EXERCISE DESCRIPTION
Every line from the start of the entries up to and including the one bearing "Размеры: 63х54х58 мм." must be printed verbatim, without the pictures.

ENTRIES SUPPLIED
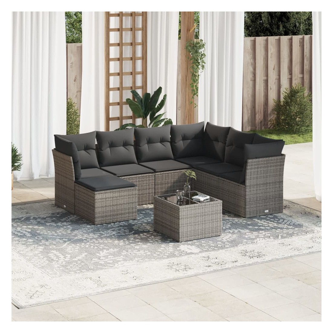 Cet ensemble de canapés de jardin est le complément parfait de votre arrière-cour, terrasse ou patio, offrant un espace confortable et accueillant pour discuter avec la famille et les amis ou simplement se détendre et profiter de l'extérieur. Matériau durable : la résine tressée, également connue sous le nom de poly rotin, est un matériau synthétique solide et nécessitant peu d'entretien qui ressemble au rotin naturel. Il est léger, facile à nettoyer et couramment utilisé pour les meubles d'extérieur en raison de sa durabilité et de ses propriétés de résistance aux intempéries.Expérience d'assise confortable : ce mobilier d'extérieur, doté de coussins épais, offre une expérience d'assise confortable.Dessus en verre : le dessus de la table d'extérieur est fabriqué en verre trempé solide et durable, ce qui le rend facile à nettoyer avec un chiffon humide et ajoute une touche d'élégance à votre espace extérieur.Housse amovible et lavable : ces coussins de siège sont dotés de housses amovibles pour un lavage et un entretien faciles.Conception modulaire : cet ensemble de meubles d'extérieur a une conception modulaire, ce qui le rend complètement flexible et facile à déplacer, afin que vous puissiez créer un agencement de meubles d'extérieur personnalisé. Bon à savoir :Pour que vos meubles d'extérieur restent beaux, nous vous recommandons de les protéger avec une housse imperméable.
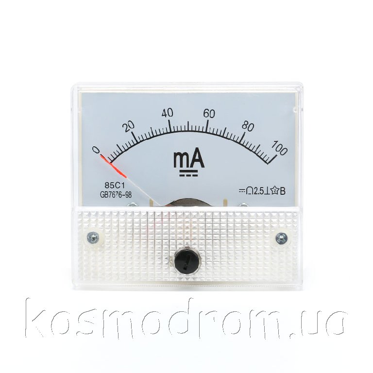 | AM-100mA Амперметр 85C1. Амперметр аналоговый, диапазон измерения: 0...100 мA постоянного тока. Размеры: 63х54х58 мм.
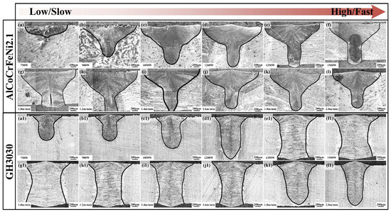 Figure 2 shows the welded joint morphology of AlCoCrFeNi2.1 eutectic high-entropy alloy and GH3030 high-temperature nickel-based alloy under different laser power and welding speed settings. It is evident that, compared to GH3030, AlCoCrFeNi2.1 eutectic high-entropy alloy exhibits a wider weld width and a narrower neck width under the same welding parameters. The AlCoCrFeNi2.1 eutectic high-entropy alloy exhibited a distinct “nail-shaped” weld morphology, characterized by a wider upper weld region and a narrower, deeper lower section with a relatively flat top surface. In contrast, the GH3030 superalloy showed more moderate variations in weld width and penetration depth, primarily due to the differences in thermal conductivity between the two materials. According to relevant reports, the thermal conductivity of the AlCoCrFeNi2.1 eutectic high-entropy alloy is approximately 17.5 W/(m·K) [24,25], while that of GH3030 nickel-based high-temperature alloy is 25.1 W/(m·K) [26]. The higher the thermal conductivity, the faster the heat transfer, which means that materials with lower thermal conductivity are more likely to form “nail-like” welded joints during laser welding [27].
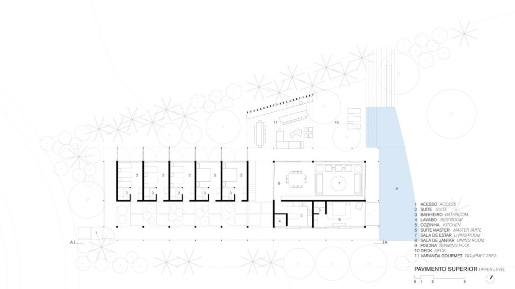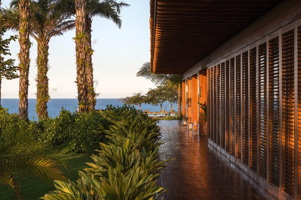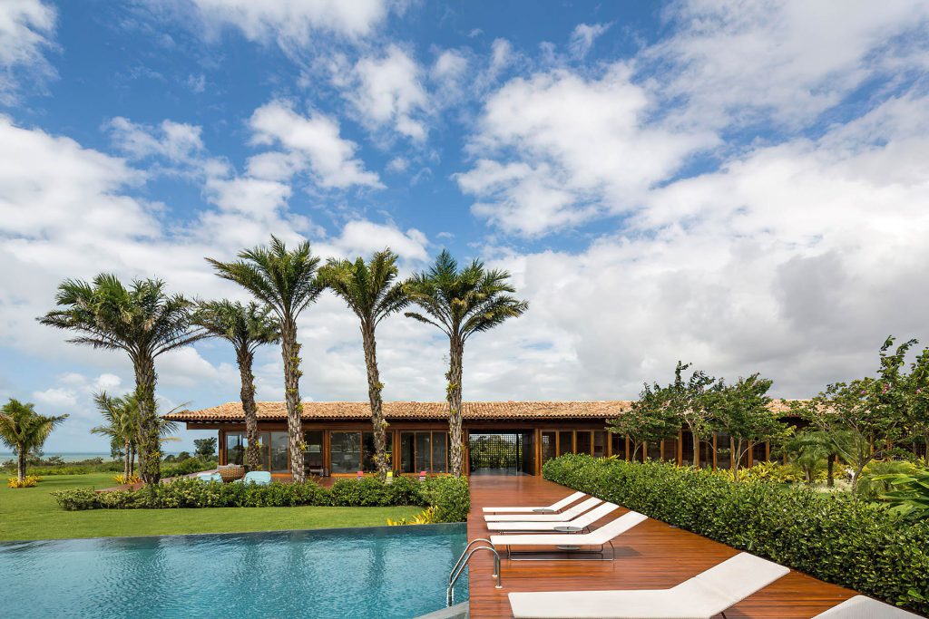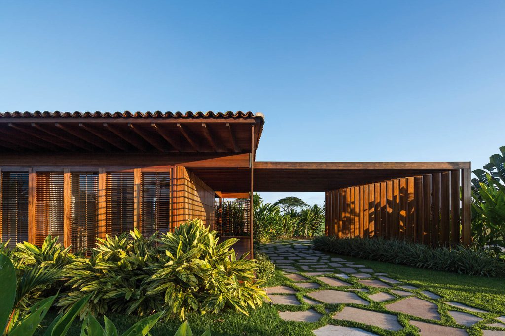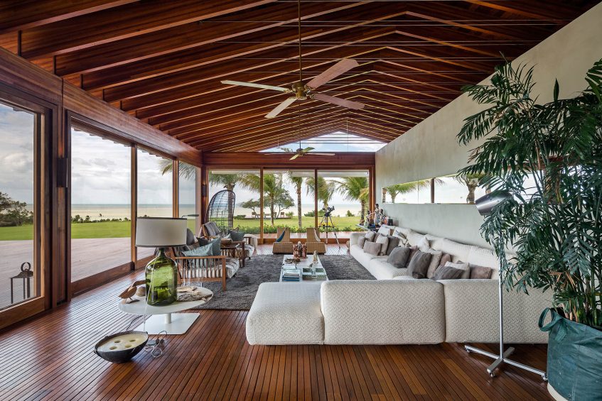 JCA House is a captivating summer retreat nestled in the heart of Bahia, designed to embrace the essence of the region while offering year-round comfort. The residence is elevated on a sprawling wooden platform, a strategic choice that not only provides a heightened perspective but also mitigates the impact of moisture. Divided into two distinct volumes, the smaller block houses the master suite, kitchen, pantry, and toilet, while the larger block boasts five generously appointed suites. A sweeping gable roof and a sleek rectangular projection seamlessly integrate these elements, creating expansive, lofty spaces that play host to the living and dining areas, as well as elegant circulation galleries. In the basement, a collection of service rooms and a private sanctuary with a home theater invite moments of quiet indulgence.
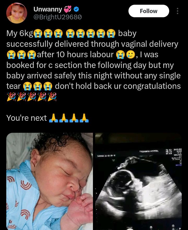 According to her account, she successfully delivered a 6kg baby through vaginal delivery after 10 hours of labour, despite being scheduled for a caesarean section the following day.
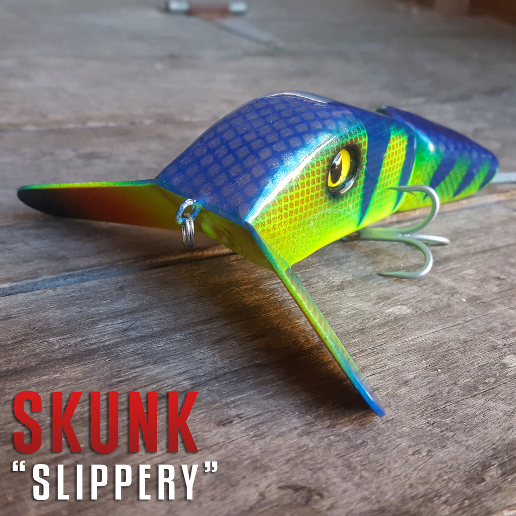 A surface paddler big enough to raise the attention of any resident cod! At 130mm in length and a shade over 2oz in weight, Skunk casts a solid shadow as he walks across the surface - no self-respecting Cod would let a feed like that get away without an enquiry!

EXPECTED ANSWER
 Cet ensemble de canapés de jardin est le complément parfait de votre arrière-cour, terrasse ou patio, offrant un espace confortable et accueillant pour discuter avec la famille et les amis ou simplement se détendre et profiter de l'extérieur. Matériau durable : la résine tressée, également connue sous le nom de poly rotin, est un matériau synthétique solide et nécessitant peu d'entretien qui ressemble au rotin naturel. Il est léger, facile à nettoyer et couramment utilisé pour les meubles d'extérieur en raison de sa durabilité et de ses propriétés de résistance aux intempéries.Expérience d'assise confortable : ce mobilier d'extérieur, doté de coussins épais, offre une expérience d'assise confortable.Dessus en verre : le dessus de la table d'extérieur est fabriqué en verre trempé solide et durable, ce qui le rend facile à nettoyer avec un chiffon humide et ajoute une touche d'élégance à votre espace extérieur.Housse amovible et lavable : ces coussins de siège sont dotés de housses amovibles pour un lavage et un entretien faciles.Conception modulaire : cet ensemble de meubles d'extérieur a une conception modulaire, ce qui le rend complètement flexible et facile à déplacer, afin que vous puissiez créer un agencement de meubles d'extérieur personnalisé. Bon à savoir :Pour que vos meubles d'extérieur restent beaux, nous vous recommandons de les protéger avec une housse imperméable.
 | AM-100mA Амперметр 85C1. Амперметр аналоговый, диапазон измерения: 0...100 мA постоянного тока. Размеры: 63х54х58 мм.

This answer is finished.